In this work, faith and doubt become like two sides of the one coin. In Leaving Alexandria Richard Holloway speaks about the perils of certainty in religion and of ‘religious overconfidence.’  For him ‘authority does not prove, it pronounces, rules rather than reasons, issues fatwas.  It refuses to negotiate.’ Graeme thanks Jonathan in the epilogue for keeping him honest in his faith, from stopping him from thinking that he has preserved him from ‘pretentiously thinking that (he has) captured God with (his) theology.’ As a bishop, the desire to box God in would be all too easy. Many Anglican parents I know who have been strong opponents of gay rights or women clergy, have subsequently come to change their thinking after their child has ‘come out’ or entered ministry. Sometimes it’s only through an intimate filial relationship that true listening begins to take place. Not that Graeme is in danger here of becoming an atheist, but such a mindful dialogue veers him away from becoming removed from the realities of life around him.  And such a dynamic, open conversation confronting matters so close to his vision of life subsequently keeps him engaged with the wider community of faith that he also moves in. Paradoxically, this dialogue links Graeme in closer to his own Christian community because it deepens his humanity. Faith is something never to be taken for granted. It always needs sharpening, always prayer. And true faith is never that which is yielded in the manner of fatwas, the turning of knowledge into ammunition. 

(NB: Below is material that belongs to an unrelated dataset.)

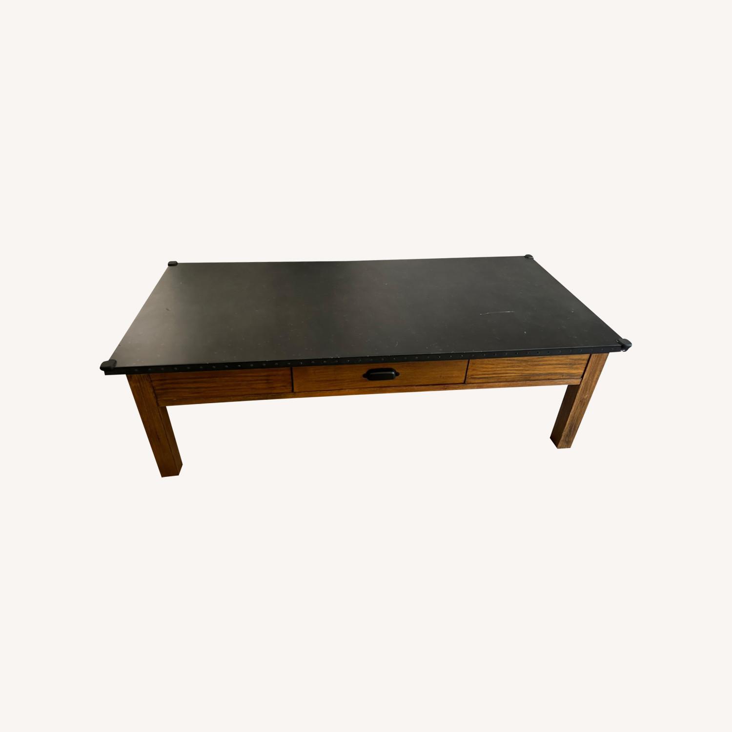Seller's Notes:Love it, but I’m converting the room to a playroom and it no longer has a place Heavy solid wood with metal riveted top One significant scratch on metal top as pictured, but I’ve had a tray on top and it’s not noticeable. Otherwise just superficial marks on the top.

As an Anglican, I know that reason is one of the three legs on that stool of our faith. But reason alone will never give you faith. As I read it, Jonathan in his head may never think he has faith, that he is a confirmed atheist, but the love and openness we witness in the heart of his words in this book reveal to me that he abounds in faith. As we read in the 14th century work, The Cloud of Unknowing:
Every rational creature has the power of knowing and the power of loving.  Our Creator endows us with both, but God will forever remain incomprehensible to the knowing power.  Through loving power, however, each of us may know God.  Love is everlasting and miraculous.